En esa
radiografía de Nueva York que es La
hoguera de las vanidades, Tom Wolfe nos cuenta que cada año eran detenidas
en el Bronx cuarenta mil personas entre las que había de todo: incompetentes,
subnormales, psicópatas, alcohólicos, payasos y buenas gentes, todos ellos
detenidos por algún tipo de enfurecimiento terminal. Pero había también otros
tipos de quienes lo mejor que podía decirse era que se trataba de seres
vilmente malvados.
Por lo que
sabemos, con frecuencia elegimos mal.
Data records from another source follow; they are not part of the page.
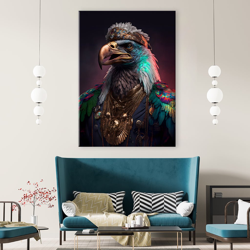 Der majestätische Adler trägt stolz seinen goldenen Schnabel und ist mit einer Vielzahl von goldenen Halsketten und einem großen Collier geschmückt. Ein farbenfroher Umhang mit bunten Federn umhüllt seinen majestätischen Körper.
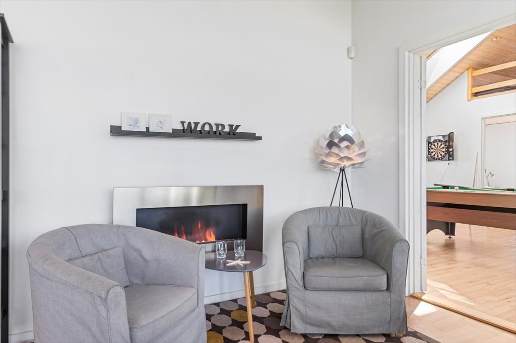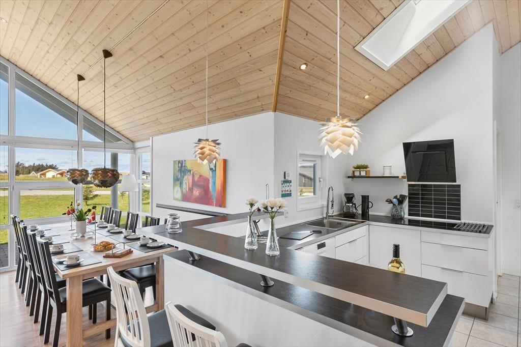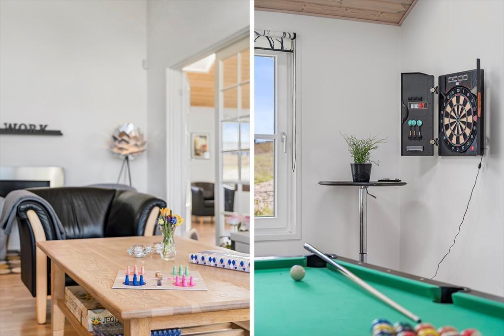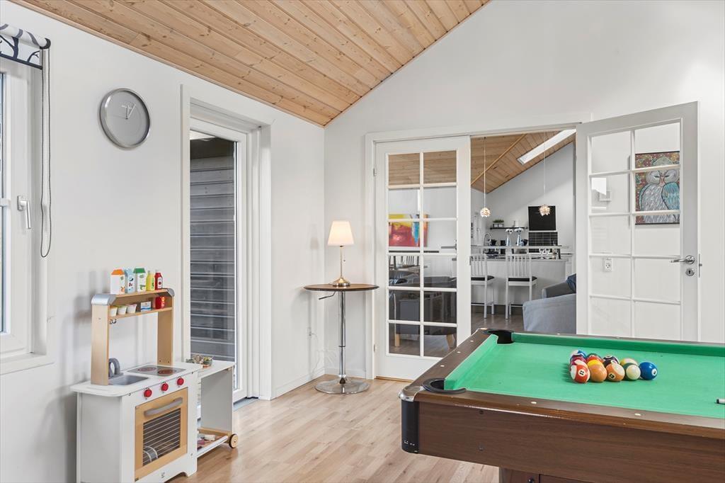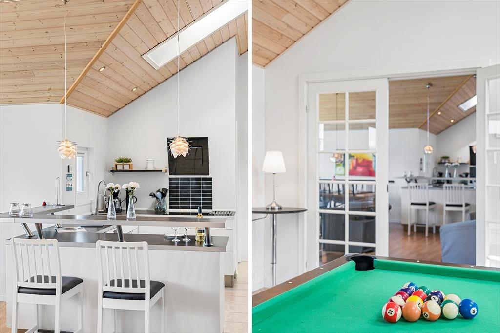 En lys og rar atmosfære møder dig, så snart du træder indenfor i sommerhuset, der har en glimrende planløsning til selv et større selskab – så hvis du vil holde rund fødselsdag med familien eller måske nyde ferielivet med en anden børnefamilie, er det oplagt at gøre det her. De fire soveværelser er fordelt i begge ender af huset, og der er endda ekstra madrasser på hemsen. De lidt større børn vil sikkert synes, at det er hyggeligt at lege og sove deroppe, mens de yngste kan hygge sig med legekøkkenet, der står i aktivitetsrummet. Her er der for øvrigt poolbord, dart og bordfodbold til familiens legebørn i alle aldre, mens spabadet og saunaen på det ene badeværelse vil glæde livsnyderne. Køkken og stue ligger i åben forbindelse lige midt i huset, så det fungerer som et naturligt samlingspunkt både morgen, middag og aften.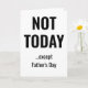 Featuring the phrase "NOT TODAY...except Father's Day" in bold, minimalist typography, this card offers a playful way to mark the occasion without going over the top. Simple, funny, and confident in tone.
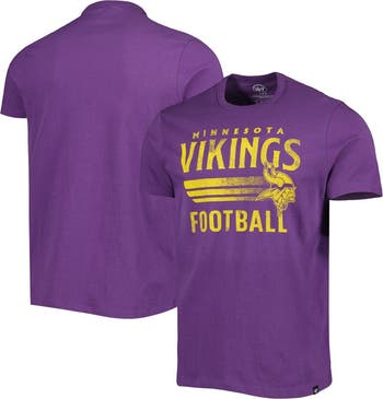 The '47 Purple Minnesota Vikings Wordmark Rider Franklin T-shirt is a must-have for true Vikings fans. With its crew neck and distressed details, this shirt offers a vintage look that stands out. Made from 100% cotton, it's comfortable and breathable, perfect for cheering on the Vikings all season. Show your support for the Minnesota Vikings with this stylish and comfortable t-shirt.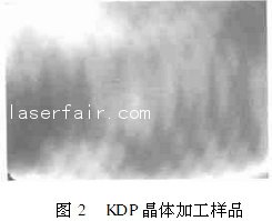 激光核聚變KDP 晶體加工通常采用超精密切削的方法,NIF 裝置中KDP 晶體尺寸是450 mm ×450mm ,透射波前是λ/ 4 。我國現(xiàn)在還沒有能加工出這個(gè)精度的機(jī)床,而且KDP 晶體不能像其他光學(xué)元件那樣采用手工修研的辦法來加工,所以必須研制自己的KDP 晶體超精密加工機(jī)床。圖2 是240 mm ×240 mmKDP 晶體的加工樣品,從圖中可以看出明顯的加工痕跡,這種刀痕給晶體的透射波前添加了小尺寸的周期性擾動(dòng),是必須抑制的制造誤差。筆者經(jīng)過研究認(rèn)為主要是由工作臺(tái)和進(jìn)給絲桿之間的傳遞誤差引起的。研制新機(jī)床時(shí),一定要研制新的進(jìn)給驅(qū)動(dòng)系統(tǒng),以減少KDP 晶體的波紋度。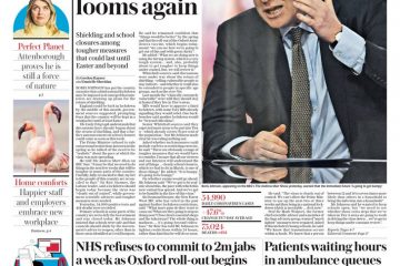 Boris Johnson is promising that the vaccination effort will be stepped up, despite only six NHS trusts being set to distribute the Oxford-AstraZeneca vaccine on the day of its launch – that’s on the front of the Daily Express.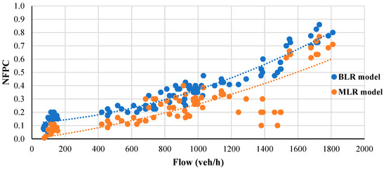 Further, for the validation of and a comparative evaluation of the proposed models regarding the best fit for platooning variables and performance measures, the results of the predicted performance measures are examined via empirical data, and each measure’s error (MAPE) under platooning variables is presented in Figure 5. As shown in Figure 5, the BLR model has worse error prediction performance compared with the MLR model. Further, the lowest error is related to NFPC in each model, suggesting that selecting this measure is an optimal choice as a surrogate performance measure among the performance measures, compared with other measures. Moreover, regarding the relationship between flow and NFPC in both models, the results of the best fit models and errors are obtained for MAPE according to Equation (23) (Table 8 and Figure 6). According to Table 8, the BLR model is the best predictive model for evaluating NFPC under traffic flow. Further, it can be inferred that the BLR model can predict NFPC as the most-influential performance measure to classify the LOS of two-lane roads by using statistical analysis and overall error values (Figure 6). Therefore, using BLR, based on the conjugate Bayesian analysis, is proposed as a predictive tool for determining the effect of platooning variables on performance measures thanks to its fewer errors and high prediction performance compared with the MLR model. The results indicate that conjugate Bayesian analysis offers better prediction performance in comparison with the MLP model. These results are the same as the results of other studies, which showed that the BLR model is better than MLR in other engineering fields [30,76,77].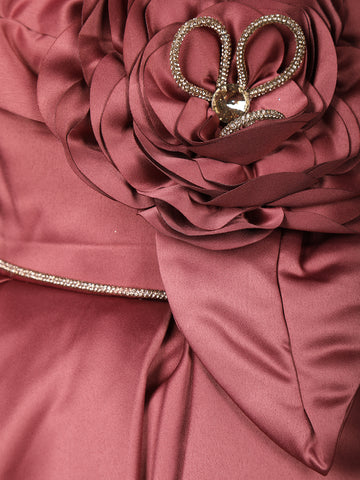 Wine Floral Design Satin Party Frock With Oversized Floral Appliqué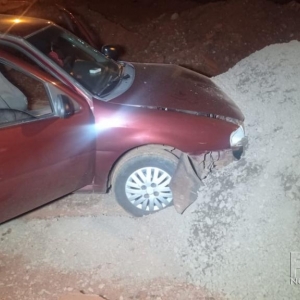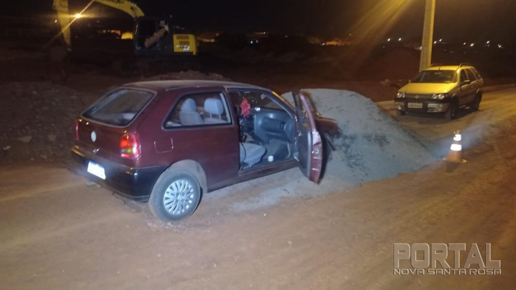 O Gol com placas Mercosul trafegava por volta das 21h30 deste sábado na rua Ângela Zanella no bairro Jardim das Orquídeas em Toledo na via que está em obras para fazer asfalto e no meio da pista tinha um monte de pedra brita e o condutor do veículo não percebeu a brita e acabou batendo nas pedras.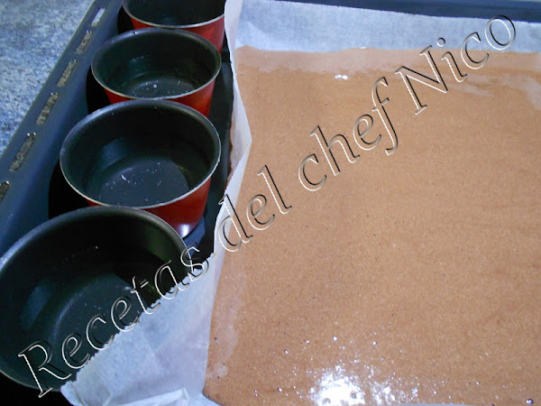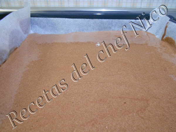5.A parte ponemos en una bandeja de horno de 40 cm. por 35 cm. papel vegetal. Como mi bandeja es más grande he puesto una flaneras con agua para reducir el tamaño y de paso con el agua evitaremos que el bizcocho salga seco.
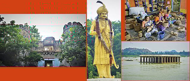 A statue of the best known King of the Vijayanagar Empire, Krishnadevaraya stares at you from a lofty pedestal near the entrance to the village. The village itself is set in the midst of lush green paddy fields bounded by rocky hills creating landscapes that are a visual delight. Anegundi has been stirred from slumber by an NGO called Kishkinda Trust that is working on the development of sustainable tourism and protection of its heritage. The trust works with the women of Anegundi who make baskets, hats, and other items from banana fibre, and these make their way to Indian and overseas customers.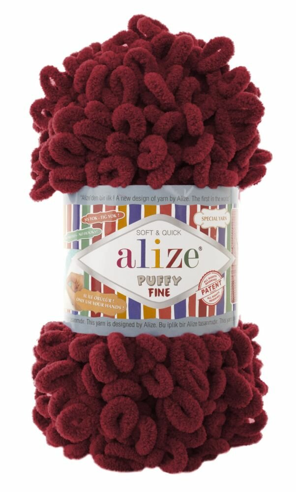 Купить Пряжа Alize Puffy fine вишня (107), 100%микрополиэстер, 14.5м, 100г, 5шт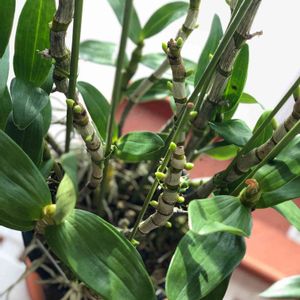 おはようございます。 水曜日の夜勤明け 帰宅して夜御飯中です(o^^o)💦 本日は風が強く寒い岐阜支部です。 ヒュー サムイ- 彡 ∧,,∧ (´・ω・) ミミミミミミ彡 じ┴"J 縁側のデンドロビウム キンギアナムの🌱新芽が出てきました〜(°▽°)W まだ高芽になるのか、花芽になるのかわかりません💦 花芽にする為にしばらくお水あげるの我慢しよう… ドキドキ…(*^_^*) 素敵なお花沢山咲きますように… それでは… 皆さま 本日も素敵なお花との出会いがあります様に… 💎*💛🎀.❤.🎀💛*💎 ❤. Have a nice day.♥ 💗*☀🌻.❤.🌻☀*💗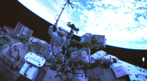 这是4月16日在北京航天飞行控制中心屏幕上拍摄的神舟二十一号乘组航天员武飞在舱外工作的画面。 4月17日01时36分,经过约5.5小时的出舱活动,神舟二十一号乘组航天员张陆、武飞、张洪章密切协同,在空间站机械臂和地面科研人员的配合支持下,圆满完成空间碎片防护装置安装、舱外设备设施巡检等任务。出舱航天员张陆、武飞已安全返回问天实验舱,出舱活动取得圆满成功。新华社发(张帆 摄)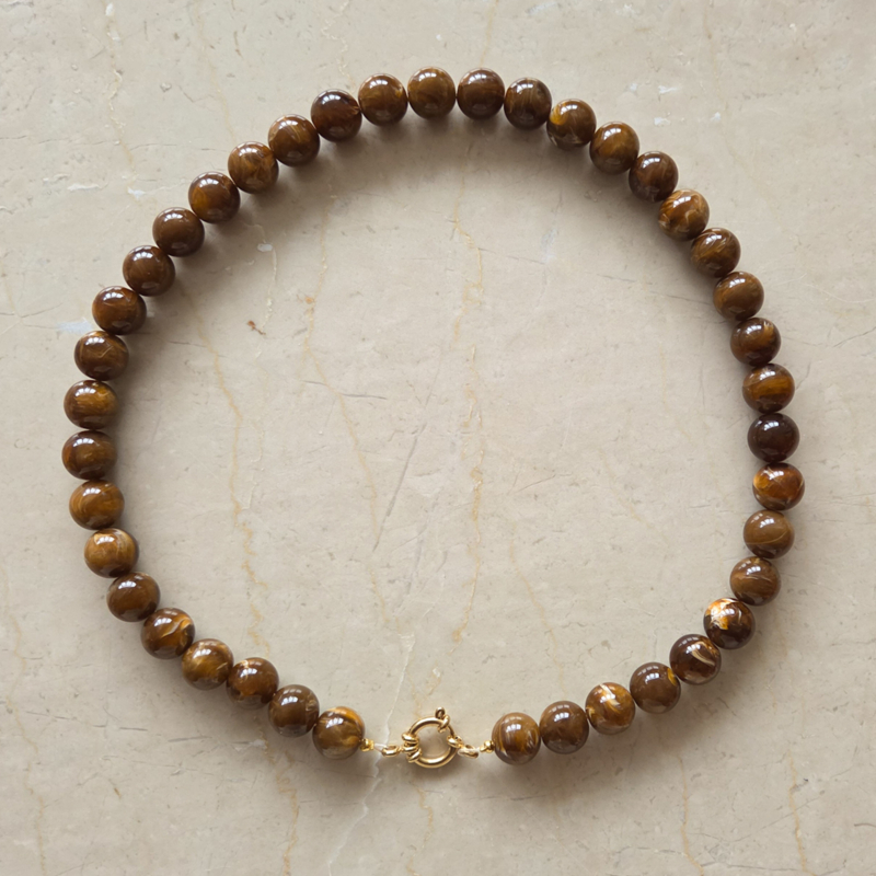 Leuke ketting met bruin gemêleerde ronde kralen en afgewerkt met een gouden slotje.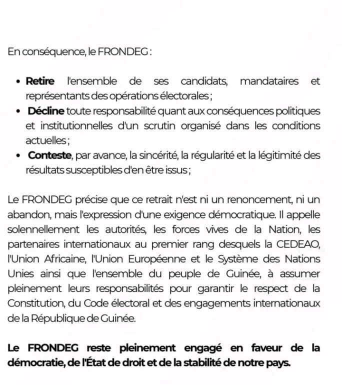 Pour le FRONDEG, les conditions minimales d’un scrutin crédible ne sont plus aujourd’hui réunies. Ci-dessous le communiqué :

Se dice que hemos inventado la música
de cámara, pero también la cámara de gas, y que estamos obligados a elegir,
pero no estamos obligados a acertar. De ahí que sea necesaria una brújula
que nos oriente en el confuso y agitado mar de la vida: eso es la ética. Y por
esa razón, si el homínido se convierte en homo
sapiens, no le queda más remedio que convertirse en homo ethicus. Es decir, no le queda más remedio que diseñar un
mundo habitable.
Algo que requiere elegir bien para no acabar mal; respetar la
realidad; respetarse a sí mismo; abrir los ojos y aprender a mirar; superar la
ley de la selva; no ser lobo para el hombre; usar la brújula y el mapa; saber
que el terreno está minado; estar dispuesto a sufrir. En resumen: sostener un
esfuerzo inteligente al servicio del equilibrio personal y social. Y si se
quieren emplear palabras diáfanas: hacer el bien y evitar el mal.